The Buffalo City Metro Development Agency’s plan to rope in a private investor to help finish building and eventually operate the multimillion-rand Water World Fun Park project has been shot down by parliament.
The agency, which told the standing committee on public accounts (Scopa) that it would need an additional R40m to complete the abandoned project, had planned to enter into a public-private partnership (PPP), because it was struggling to finance the development.
However, parliament’s finance watchdog said this would be a “miscarriage of justice”.
Led by Rise Mzansi MP and Scopa chair Songezo Zibi, the multiparty committee descended on the Buffalo City Metro on Thursday and Friday, and inspected incomplete projects in Qonce, Mdantsane and East London.
Ratepayers have already paid more than R120m for the still non-operational Water World project, and an additional R33m to the contractor who abandoned the site in 2023.
The Dispatch previously reported that the more than R121m paid for the construction and refurbishment had gone down the drain, with the project, meant to be completed in 2022, in complete ruin.
Though officials claimed in late in 2023 that it was 95% complete, a visit to the site in October 2024 revealed the development was in dire condition.
Some BCM councillors believed the project should be restarted because it was in a “shambolic state”, with many of the buildings vandalised and stripped of electrical cables and water pipes.
Roofs, ceilings, doors and even toilet seats had been removed, windows and mirrors were broken, while machinery, equipment and building material were scattered across the property. The perimeter fence had also been removed.
BCM Development Agency chief executive Ayanda Gqoboka told the MPs on Friday that due to budget limitations, there was a “break in service” and no security on site between April and July 2024.
“Material was left unattended on site, exposing it to various risk elements.”
During the Scopa visit to Water World on Thursday, Gqoboka said if the agency were to complete the project by itself, it would need about R40m. It was accordingly contemplating initiating a PPP to complete the development.
It would cost the investor about R10m to get the facility operational, Gqoboka said, but “nothing has been signed yet”.
During a meeting in Gonubie on Friday, Gqoboka said: “There is significant anticipation from the public, business and other stakeholders for the project to be completed.
“The municipality has indicated that it is in no financial position to fund the project further, especially given its own service delivery challenges.
“Council has thus instructed the BCMDA to look at alternative approaches to completing the project.
“The prevailing view and approach by the BCMDA has been to adopt a private sector investment posture to get the project completed.
“In this regard, BCMDA issued a public call for investment proposals in December 2023.
“This call yielded very limited interest and thus the BCMDA has initiated an approach of prospecting for investors,” Gqoboka said.
He said the plan was to attract private investors by offering long-term lease agreements and options to conduct further site development and commercialise the facility.

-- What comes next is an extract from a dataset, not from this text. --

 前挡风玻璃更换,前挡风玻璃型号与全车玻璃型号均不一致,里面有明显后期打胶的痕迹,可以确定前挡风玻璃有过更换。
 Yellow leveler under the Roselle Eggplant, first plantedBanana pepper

“There may need to be further incentives ... to secure investment,” Gqoboka said.
However, the plan was quickly squashed by MPs and the agency board.

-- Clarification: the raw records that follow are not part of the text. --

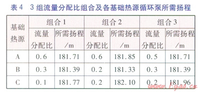 根據(jù)各基礎(chǔ)熱源設(shè)計質(zhì)量流量,經(jīng)計算可得,基礎(chǔ)熱源A~C的流量分配比限額(最大值)分別為0.6、0.3、0.2。在南線出口事故工況下,按照10%步長改變各基礎(chǔ)熱源流量分配比,可得到3組流量分配比組合。按照文獻[8]的計算方法,分別計算3組流量分配比組合中各基礎(chǔ)熱源循環(huán)泵所需揚程。3組流量分配比組合及各基礎(chǔ)熱源循環(huán)泵所需揚程見表4。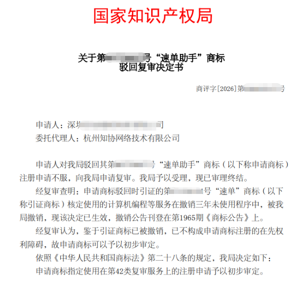 商标注册路上,遭遇驳回是常有的事,但驳回不等于最终结局。近日,知协再次成功代理一起商标驳回复审案件——在申请商标“速单助手”因引证商标“速单”被驳回的情况下,我们通过撤三+复审的组合策略,成功扫清在先权利障碍,最终助力商标驳回复审成功。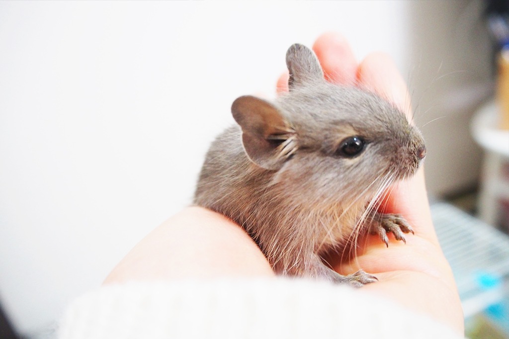 小動物を飼うメリットは? 当店で迎え入れをご検討されている方へ 小動物を飼うメリットは?advantages イヌやネコはペットとして人気がありますが、大変な点が多くあります。・長時間留守にすることができない。・大きな声で吠えたり、鳴いたりするので近隣への配慮が必要。・においが家の壁に付いてしまう。家の中が散らかってしまう。・定期的に動物病院に検診に行くなど、飼育費用がかかる。・毛が抜けるので、掃除などの手間が増える。それに対して小動物は、・ゲージで飼うのが基本なので、長時間留守にしていても問題ない。・ハリネズミやデグーは鳴かないため、近隣への配慮が必要ない。・においは犬や猫に比べて弱めなので、においが部屋に移る心配はない。・餌代、亡くなった時の費用など経済的な負担はイヌやネコに比べて安い。・散歩をする必要がない。小動物はイヌやネコに比べて飼いやすいです。初めてペットを飼う方は小動物のお世話から始めてみてください! 当店で迎え入れをご検討されている方へwelcoming 当店のハリネズミやデグーたちは常日頃から人に触れ合っているため、比較的人懐っこい子たちが多いです。ですが、もちろん小動物にも個性があります。ぜひとも当店での迎え入れの際は、直接触れ合ってからハリネズミやデグーとの相性を確かめていただきたいです。お客様のご来店をお待ちしています。

An agitated ANC MP, Ntando Maduna, said “handing the facility” to a private company would not benefit the poor, who would be required to pay handsomely to access it.

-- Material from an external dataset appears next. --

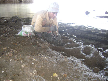 Để mò được những con sò, con phi… dưới đáy sông, nhiều người phải thức dậy từ lúc gà gáy. Bãi mò này có người già, trẻ em, thanh niên… và cả những học sinh tranh thủ nghỉ chủ nhật ra đây đi mò kiếm thêm giúp đỡ gia đình. Anh Lê Thành Trung, ở Ô 21 Lô 1049 Hòn Rớ - người có “thâm niên” mò sò trên bãi cạn tâm sự: “Hai vợ chồng tôi có một đứa con nhưng lại bị dị tật não bẩm sinh. Thường ngày, vợ tôi phải ở nhà chăm sóc con, một mình tôi ra đây mò sò về bán, kiếm tiền mua gạo, còn lại chắt chiu dành dụm để mua thuốc cho con”. Vừa bước lên bờ, chân tay còn run lên vì lạnh, anh Phụng ở Lô 9 Ô 272 Hòn Rớ tâm sự: “Cuộc đời của vợ chồng tôi dường như đã an bài ở dòng sông này. 4 đứa con tôi đều phải bỏ học từ lớp 2, lớp 3. Mỗi ngày đi mò thế này, vợ chồng tôi cũng chỉ kiếm được đủ ăn. Gần 60 tuổi rồi, không còn khỏe nữa nên chúng tôi không theo kịp người trẻ”. Trông em Lê Thành Quang, học sinh lớp 7/1 Trường Trung học Cơ sở Lê Thanh Liêm (xã Phước Đồng) mới tội nghiệp. Mò mẫm, lặn lội cả ngày trên sông nhưng em chỉ có duy nhất bộ quần áo cộc đơn sơ. Lên bờ, không có quần áo ấm thay, thỉnh thoảng, em lại run vì gió lạnh. Em cho biết: “Ngoài giờ đi học, em tranh thủ chủ nhật ra đây phụ giúp bố mẹ kiếm tiền mua sách vở, quần áo”. Bình quân 1kg sò có giá 4 ngàn đồng, 1kg phi 15 ngàn đồng, 1kg con giá 12 ngàn đồng. Người khỏe mạnh, một ngày có thể kiếm được hơn 60 ngàn đồng. Mò được con gì là đem bán cho các nhà buôn. Những người này sẽ đem đến Cam Ranh, Ninh Hòa… bán lại cho bà con làm thức ăn cho tôm hùm.

“This planned PPP would be a miscarriage of justice if we allow it to take place,” he said.
The EFF’s Ntombovuyo Mente said he was deeply concerned about plans to “sell a state asset to the highest bidder”.
“The majority of our poor people will not have access to it if its private. I would advise you to speak to the sports, arts and culture minister [Gayton McKenzie], to assist,” Mente said.
The UDM’s Thandiwe Nontenja said she was stunned that the agency would “want to give away a project 10% from completion”.
The ANC’s Gijimani Skosana said the agency should have engaged communities to get “buy in” from them first.
The agency’s board chair, Mandilakhe Dilima, told Scopa the board was pushing to “abandon the PPP approach”.
“We have advised management to consider a different approach. The PPP issue is off the table for now,” Dilima said.
The MPs grilled the agency over many other projects it managed in the metro.
Searching questions were asked of the R48.9m in fruitless and wasteful expenditure that had been racked up as well as irregular expenditure amounting to R131m — R11.3m of which had been incurred in a single project, the Leighandre “Baby Lee” Jegels Recreational Park, popularly known as the “Stoep”.
The agency’s acting chief financial officer, Aviwe Manciya, said the irregular expenditure had been incurred on contracts awarded through “an improperly constituted bid adjudication committee during the establishment phase”.
The MPs demanded that Scopa be furnished with “all profiles and qualifications” of the BCMDA’s current and former board members and executives.
The sorry state of the city’s unfinished projects left the Scopa members unimpressed, with Zibi describing the oversight visit as “disappointing and heartbreaking” because of the metro’s potential as a tourism, culture and industrial development hub.
Zibi said there were problems with project implementation, project management, project planning, contract management, weak political oversight and poor maintenance.
In addition, the BCM lacked a willingness to hold those involved accountable.
“It appears that there’s been a culture of impunity.
“We are going to call them to parliament again and again until things get right ... We are going to hold all of those people accountable.”